These pictures were published in the April 2, 2015 issue of Time magazine. It went on sale without incident. The story and images titled Meet The Women Taking The Battle To ISIS can also be viewed on Time's website. None of the images featured nudity, blood or brutality, only uniformed women holding guns.

But the MDA deemed the images inappropriate for the exhibition which has a rating of NC16. Hence, the organisers have placed black rectangles in the spaces where the photos were supposed to be.

On opening night at arts space 72-13 on Wednesday, festival director Ong Keng Sen said: "No reason was given for why the (issue of) Time magazine was not banned, but these images were not allowed to be exhibited . . . For me, it was very surprising because they were women fighting ISIS."

The OPEN festival, which stands for Open Participate Engage Negotiate, is a three-week festival that anticipates the much-bigger Singapore International Festival of Arts (Sifa) starting in August. Previous editions of the festival also ran into trouble with the MDA. Last year, for instance, two films and a few performances were removed or censored.

Mr Ong added: "We are still waiting for a lot more permits (for the other shows) because they are usually given only two days in advance. And so we are living with a new terror where we don't know, it is out of our control."

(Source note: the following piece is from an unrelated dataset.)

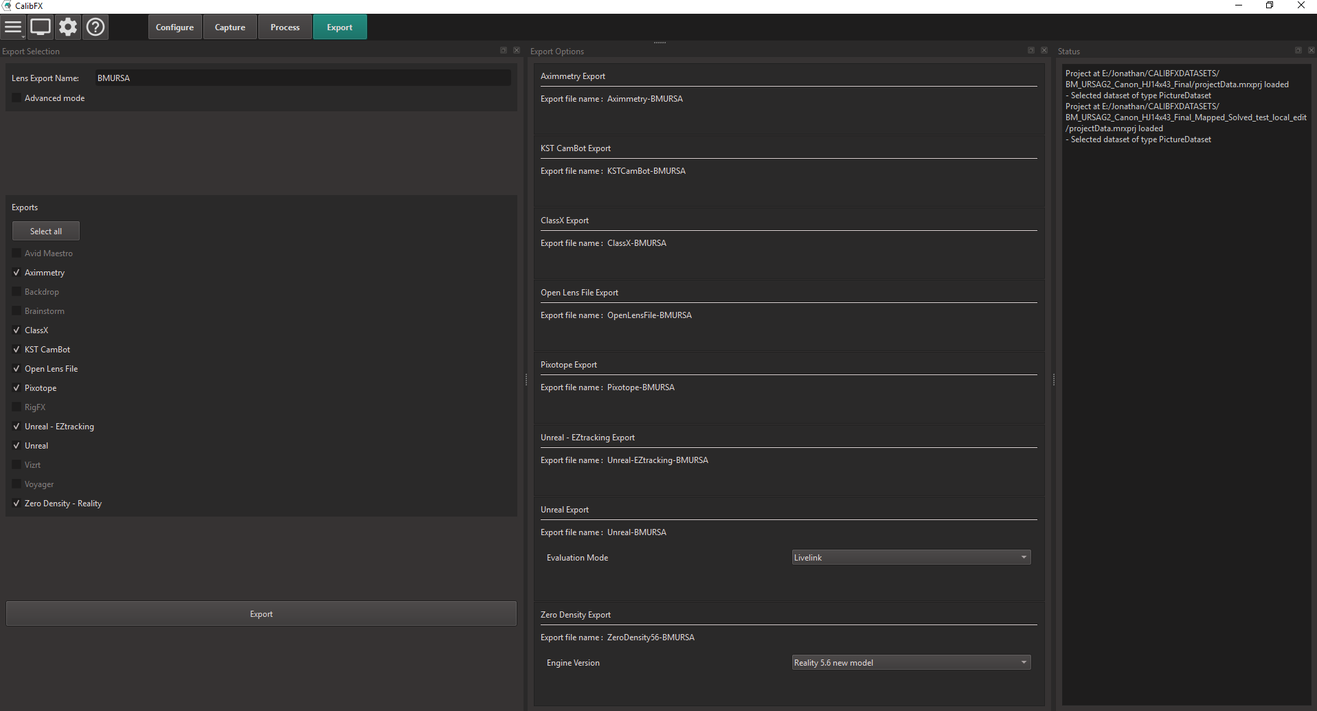 The export is fairly straightforward. Name your lens file, select which targets you want, and press "Export".

Censorship aside, Tavakolian's photography is extraordinary. The 35-year-old started taking photographs when she was a teenager. For nearly two decades, she has been documenting the social and political upheavals in the Middle East, including the Iraq War of 2003.

Her photographs have appeared in esteemed publications such as The New York Times, Le Figaro, Der Spiegel and National Geographic. And she has garnered numerous accolades.

Her exhibition at the OPEN, titled I Know Why The Rebel Sings, is arresting particularly because of its images of Muslim women expressing themselves in ways that contradict preconceptions of oppressed Middle Eastern women.

In one haunting portrait, an Iranian woman stands on a deserted road in Teheran, wearing a black chador and fire-engine red boxing gloves. She appears resigned but ready to fight.

In another striking image, a woman stands amid the thorny tangle of a dead tree's branches, gently unpicking herself.

Tavakolian's most heart-breaking images, however, belong to a photo series taken of young Kenyan girls who had fled to a safehouse after being forced to undergo genital mutilation in preparation for marriages to much-older men.

Tavakolian, however, does not confine herself to photographing women. There are numerous photos capturing humanitarian tragedies and military conflicts, just as there are images of ordinary Iranian men going about their lives.

As a photojournalist par excellence, she gives voice to the voiceless.

Though Tavakolian could not be in Singapore for the opening, she will deliver a talk on July 2 at 5pm at 72-13 on Mohamed Sultan Road.